_EXERCISE REQUIREMENTS_.
Write out the listing verbatim. No pictures belong in it.

_ENTRIES PROVIDED_.
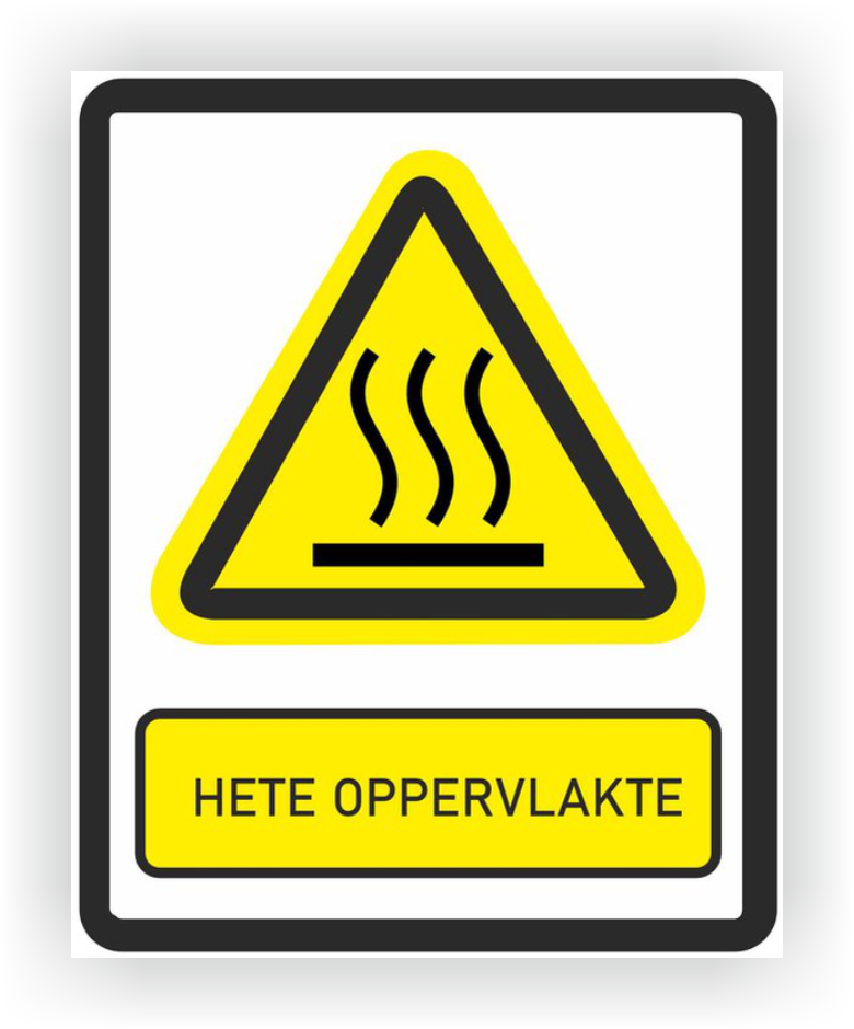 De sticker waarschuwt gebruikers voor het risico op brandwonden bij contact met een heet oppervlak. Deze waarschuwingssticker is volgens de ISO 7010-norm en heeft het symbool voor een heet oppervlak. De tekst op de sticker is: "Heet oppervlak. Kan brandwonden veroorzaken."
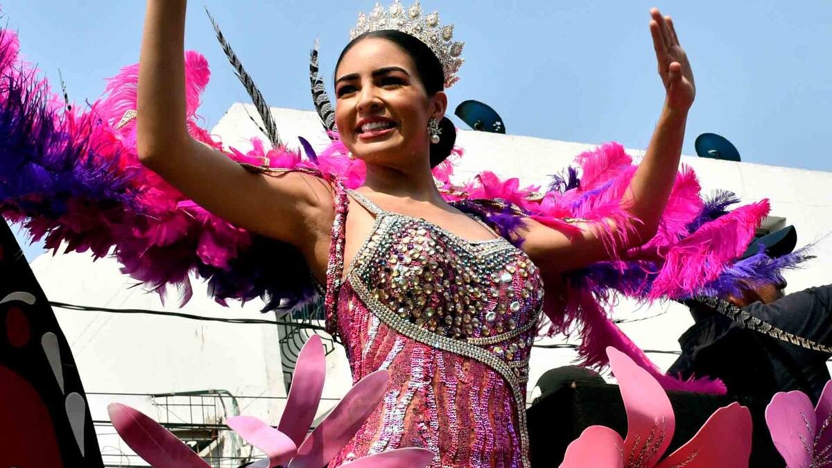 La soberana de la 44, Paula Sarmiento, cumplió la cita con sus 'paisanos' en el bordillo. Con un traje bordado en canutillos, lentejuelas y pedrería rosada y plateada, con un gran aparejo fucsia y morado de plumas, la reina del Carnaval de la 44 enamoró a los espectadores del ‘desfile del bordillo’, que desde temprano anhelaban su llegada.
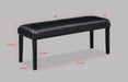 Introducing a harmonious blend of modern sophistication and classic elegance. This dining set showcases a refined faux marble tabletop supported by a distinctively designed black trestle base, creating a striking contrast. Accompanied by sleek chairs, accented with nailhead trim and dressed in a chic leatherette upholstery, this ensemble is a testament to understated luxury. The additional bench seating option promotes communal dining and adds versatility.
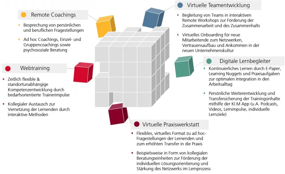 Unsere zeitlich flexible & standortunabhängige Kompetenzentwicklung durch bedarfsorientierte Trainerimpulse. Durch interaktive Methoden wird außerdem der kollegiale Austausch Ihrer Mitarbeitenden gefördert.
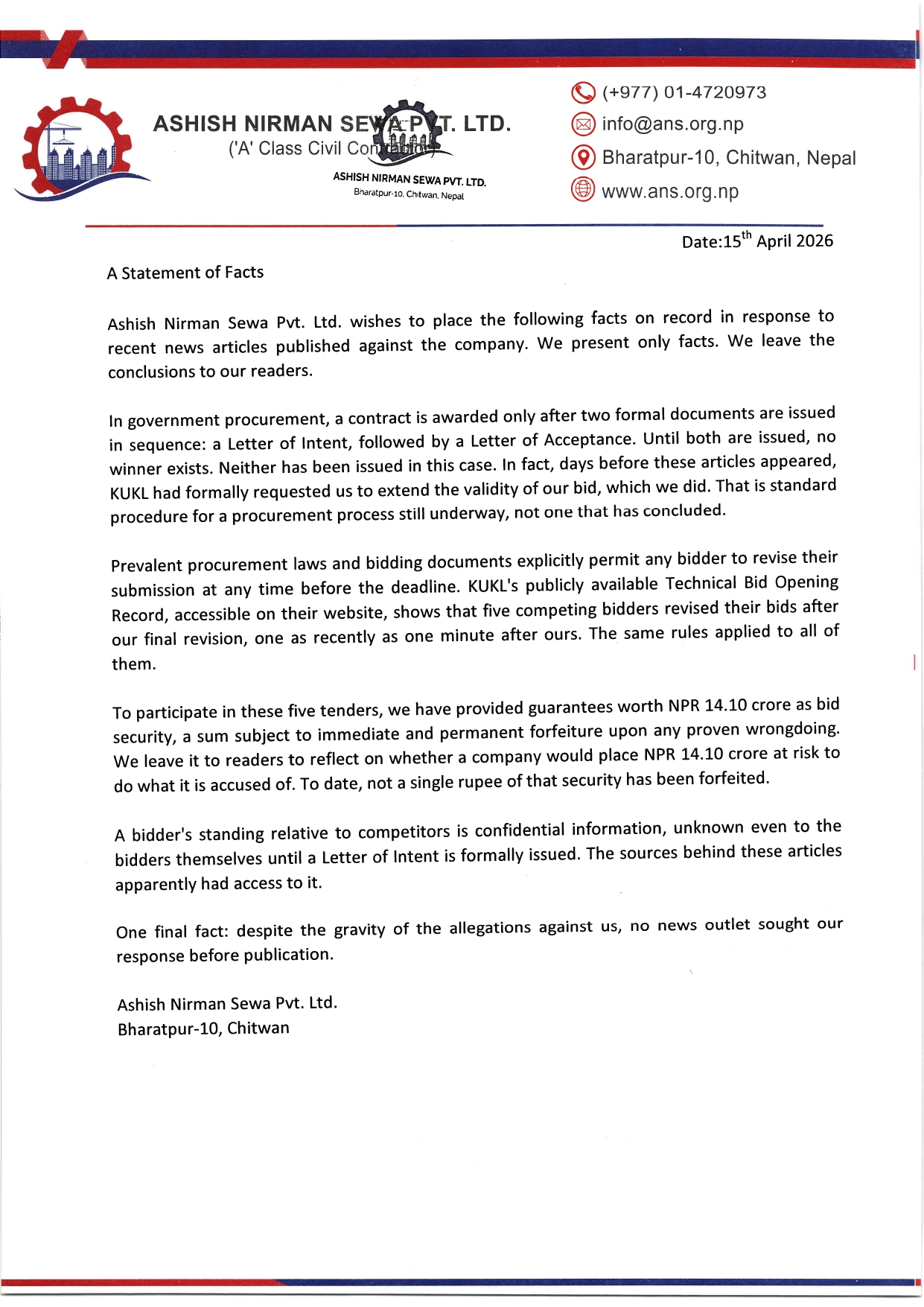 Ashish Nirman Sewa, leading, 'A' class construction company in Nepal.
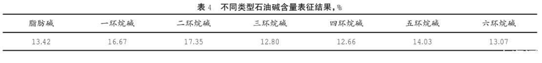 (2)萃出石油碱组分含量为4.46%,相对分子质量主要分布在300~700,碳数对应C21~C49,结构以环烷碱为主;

_EXERCISE ANSWER_.
 De sticker waarschuwt gebruikers voor het risico op brandwonden bij contact met een heet oppervlak. Deze waarschuwingssticker is volgens de ISO 7010-norm en heeft het symbool voor een heet oppervlak. De tekst op de sticker is: "Heet oppervlak. Kan brandwonden veroorzaken."
 La soberana de la 44, Paula Sarmiento, cumplió la cita con sus 'paisanos' en el bordillo. Con un traje bordado en canutillos, lentejuelas y pedrería rosada y plateada, con un gran aparejo fucsia y morado de plumas, la reina del Carnaval de la 44 enamoró a los espectadores del ‘desfile del bordillo’, que desde temprano anhelaban su llegada.
 Introducing a harmonious blend of modern sophistication and classic elegance. This dining set showcases a refined faux marble tabletop supported by a distinctively designed black trestle base, creating a striking contrast. Accompanied by sleek chairs, accented with nailhead trim and dressed in a chic leatherette upholstery, this ensemble is a testament to understated luxury. The additional bench seating option promotes communal dining and adds versatility.
 Unsere zeitlich flexible & standortunabhängige Kompetenzentwicklung durch bedarfsorientierte Trainerimpulse. Durch interaktive Methoden wird außerdem der kollegiale Austausch Ihrer Mitarbeitenden gefördert.
 Ashish Nirman Sewa, leading, 'A' class construction company in Nepal.
 (2)萃出石油碱组分含量为4.46%,相对分子质量主要分布在300~700,碳数对应C21~C49,结构以环烷碱为主;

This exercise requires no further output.